So the question is that the desired behavior? If so, why are you only looking at the POS of the first word?
Regardless of what I'm looking at. Your explanation still that doesn't tell me why the TypeError: unhashable type: 'list'
occurs. Stop distracting me and tell me how to resolve the TypeError
!!
Okay, we move on, now that we know thing = pos_tag(word_tokenize("I love running angrily"))

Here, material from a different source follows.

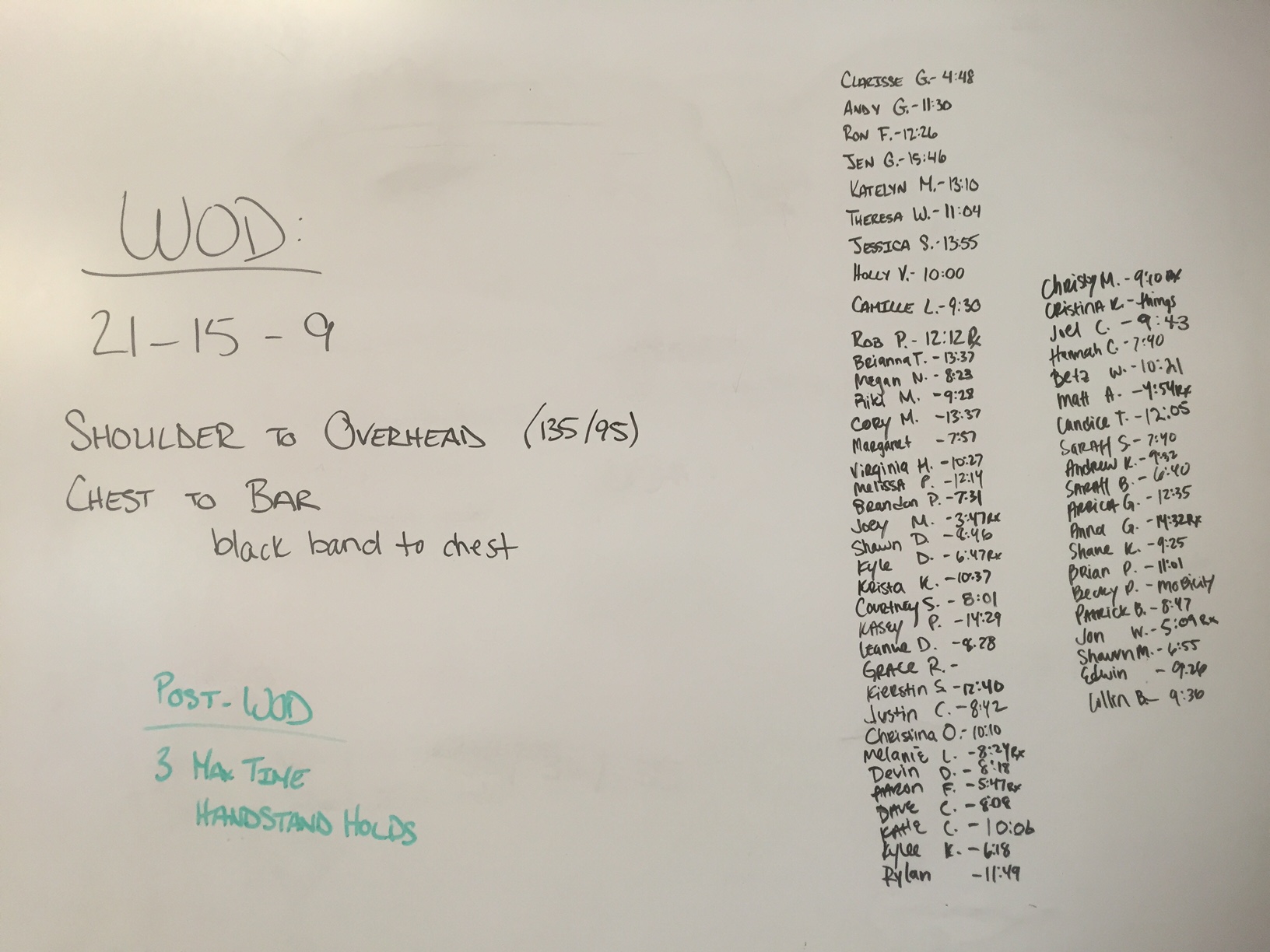 May 15, 2017 WOD Posted onMay 19, 2017AuthorClaytonLeave a comment AGOQ Workout 3 21-15-9 reps for time of: Shoulder-to-overheads, 135/95 lb. Chest-to-bar pull-ups
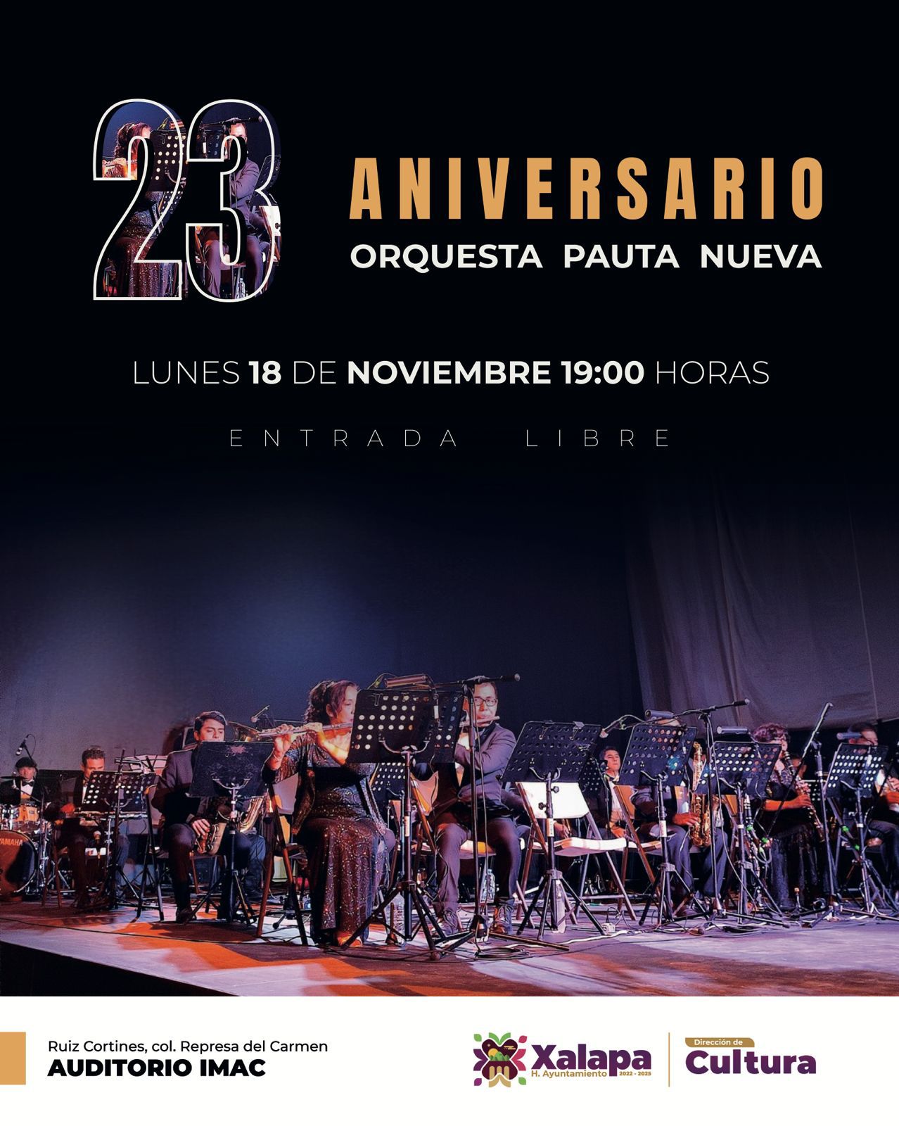 Asimismo, este lunes 18 de noviembre a las 19:00 horas la Orquesta Pauta Nueva celebrarán su 23 aniversario en el Auditorio IMAC, y a la misma hora en el Teatro JJ Herrera se llevará a cabo el MEF 2021 Danza Contemporánea. Este día y el martes 19 de 13:00 a 15:00 horas se impartirá el Taller de Introductorio de Cerámica. Y el 19 a las 18:00 horas en el Centro Recreativo Xalapeño (CRX) se proyectarán la película “Nos hicieron noche” de Antonio Hernández y en el Museo Casa Xalapa, el maestro Vicente Espino Jara ofrecerá la charla conferencia “La magia de un barrio”; y a las 20:00 horas, esta misma orquesta se presentará en la Iglesia de San José.

and thing[0][1][0].lower() = 'p'
Given your if-else conditions,
if pos_label in ["a", "n", "v"]:
print(lem.lemmatize(word, pos = pos_label))
elif pos_label in ['r']:
print(wordnet.synset(sentence+".r.1").lemmas()[0].pertainyms()[0].name())
else:
print(lem.lemmatize(sentence))
we find that 'p'
value would have gone to the else, i.e. print(lem.lemmatize(sentence))
but wait a minute remember what has sentence
became after you've modified it with:
>>> sentence = word_tokenize("I love running angrily")
>>> sentence = [i.strip(" ") for i in sentence]
>>> sentence
['I', 'love', 'running', 'angrily']
So what happens if we just ignore all the rest of the code and focus on this:
from nltk.stem import WordNetLemmatizer
lem = WordNetLemmatizer()
sentence = ['I', 'love', 'running', 'angrily']
lem.lemmatize(sentence)
[out]:
-------------------------------------------------------------------------
TypeError Traceback (most recent call last)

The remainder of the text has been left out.